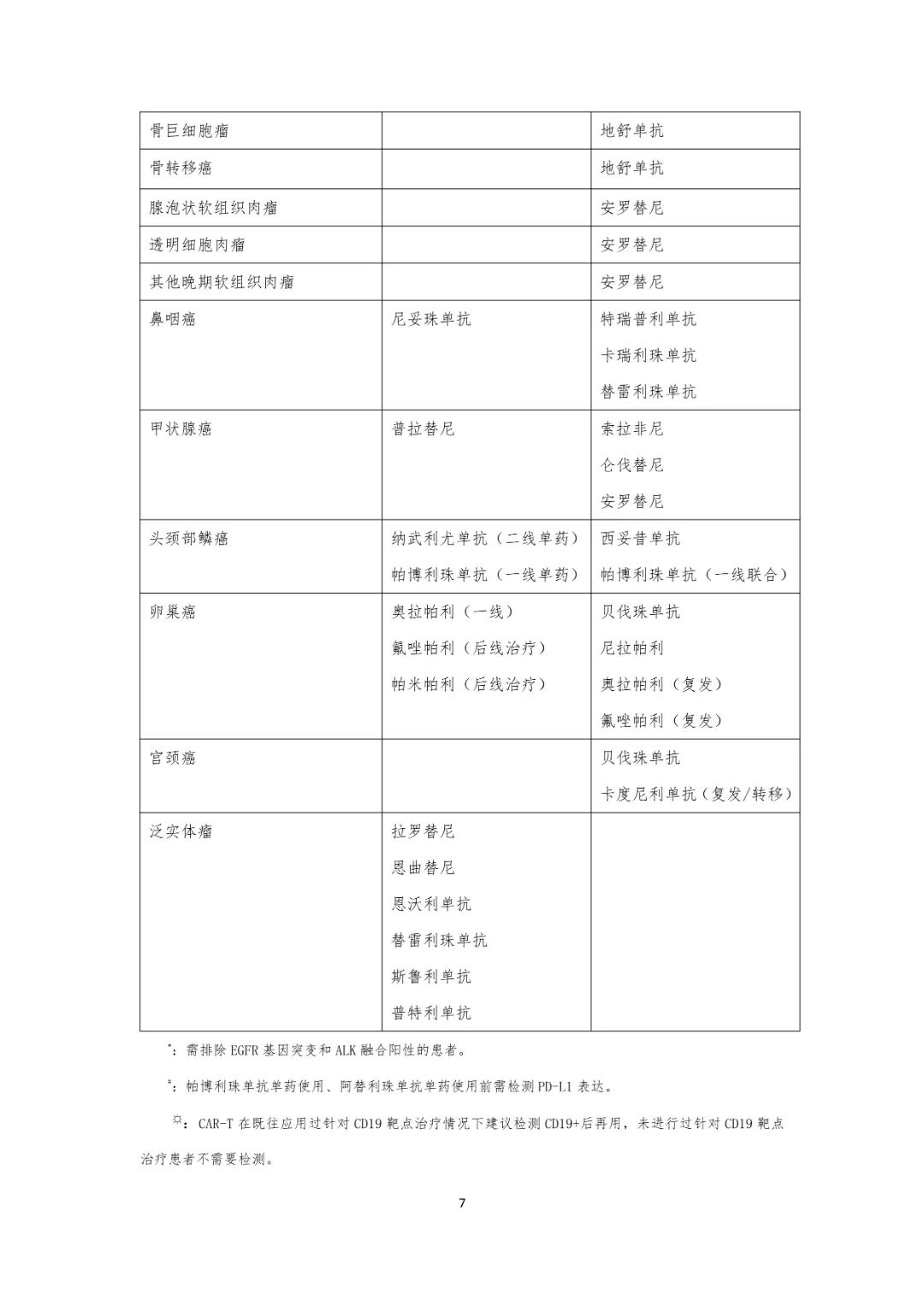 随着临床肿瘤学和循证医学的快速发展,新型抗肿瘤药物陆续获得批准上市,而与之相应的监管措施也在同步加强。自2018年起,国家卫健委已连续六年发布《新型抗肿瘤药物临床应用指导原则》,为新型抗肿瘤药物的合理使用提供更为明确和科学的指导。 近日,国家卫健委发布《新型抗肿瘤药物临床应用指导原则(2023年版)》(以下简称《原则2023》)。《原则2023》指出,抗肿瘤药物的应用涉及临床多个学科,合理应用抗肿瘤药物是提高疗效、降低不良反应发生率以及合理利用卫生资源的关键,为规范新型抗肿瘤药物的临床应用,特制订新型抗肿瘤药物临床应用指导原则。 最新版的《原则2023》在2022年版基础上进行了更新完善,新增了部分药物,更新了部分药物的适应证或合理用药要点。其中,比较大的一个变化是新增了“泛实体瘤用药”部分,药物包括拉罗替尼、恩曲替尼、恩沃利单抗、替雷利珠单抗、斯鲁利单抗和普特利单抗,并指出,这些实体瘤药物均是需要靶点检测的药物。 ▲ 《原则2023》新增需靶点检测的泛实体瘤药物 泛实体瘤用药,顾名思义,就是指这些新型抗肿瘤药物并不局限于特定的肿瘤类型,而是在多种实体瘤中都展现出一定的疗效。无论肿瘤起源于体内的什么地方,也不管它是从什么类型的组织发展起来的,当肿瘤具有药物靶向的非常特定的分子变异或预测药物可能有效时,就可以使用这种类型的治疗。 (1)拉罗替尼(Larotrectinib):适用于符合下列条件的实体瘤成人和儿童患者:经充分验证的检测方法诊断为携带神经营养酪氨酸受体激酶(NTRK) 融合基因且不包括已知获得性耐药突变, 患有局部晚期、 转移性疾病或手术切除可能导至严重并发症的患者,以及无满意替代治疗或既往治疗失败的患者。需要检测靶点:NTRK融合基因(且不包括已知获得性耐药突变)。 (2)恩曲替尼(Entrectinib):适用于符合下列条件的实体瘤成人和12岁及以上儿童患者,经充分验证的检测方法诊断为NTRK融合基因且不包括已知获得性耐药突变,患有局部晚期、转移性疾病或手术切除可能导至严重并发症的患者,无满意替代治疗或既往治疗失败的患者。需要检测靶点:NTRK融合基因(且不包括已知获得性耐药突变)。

--------

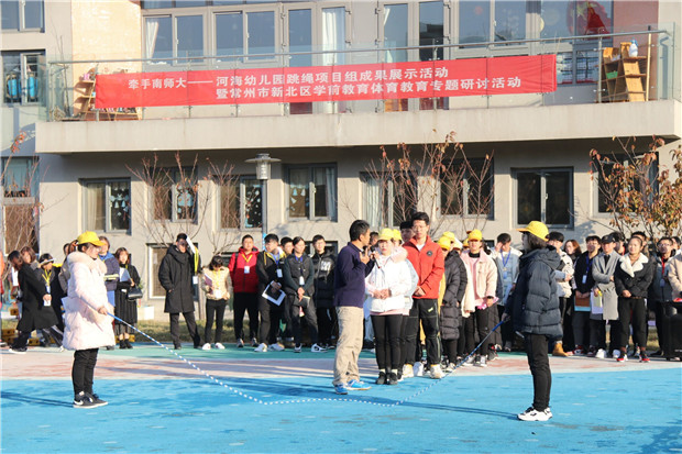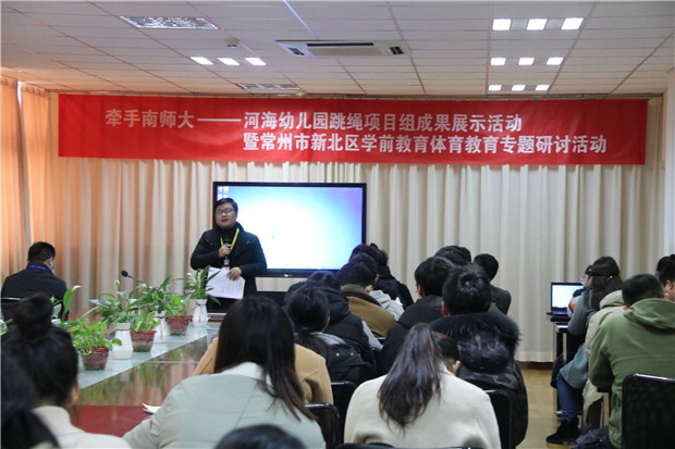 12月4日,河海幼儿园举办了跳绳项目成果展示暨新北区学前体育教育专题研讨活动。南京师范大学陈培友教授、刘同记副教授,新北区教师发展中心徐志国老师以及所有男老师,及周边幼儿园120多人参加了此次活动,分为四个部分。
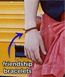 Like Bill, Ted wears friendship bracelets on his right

--------

*ACTION ITEM*
Look above and copy only the lines from the one holding "12月4日,河海幼儿园举办了" to the one holding "Like Bill, Ted", both included, exactly, minus the pictures.

*WRITTEN RESPONSE*
 12月4日,河海幼儿园举办了跳绳项目成果展示暨新北区学前体育教育专题研讨活动。南京师范大学陈培友教授、刘同记副教授,新北区教师发展中心徐志国老师以及所有男老师,及周边幼儿园120多人参加了此次活动,分为四个部分。
 Like Bill, Ted wears friendship bracelets on his right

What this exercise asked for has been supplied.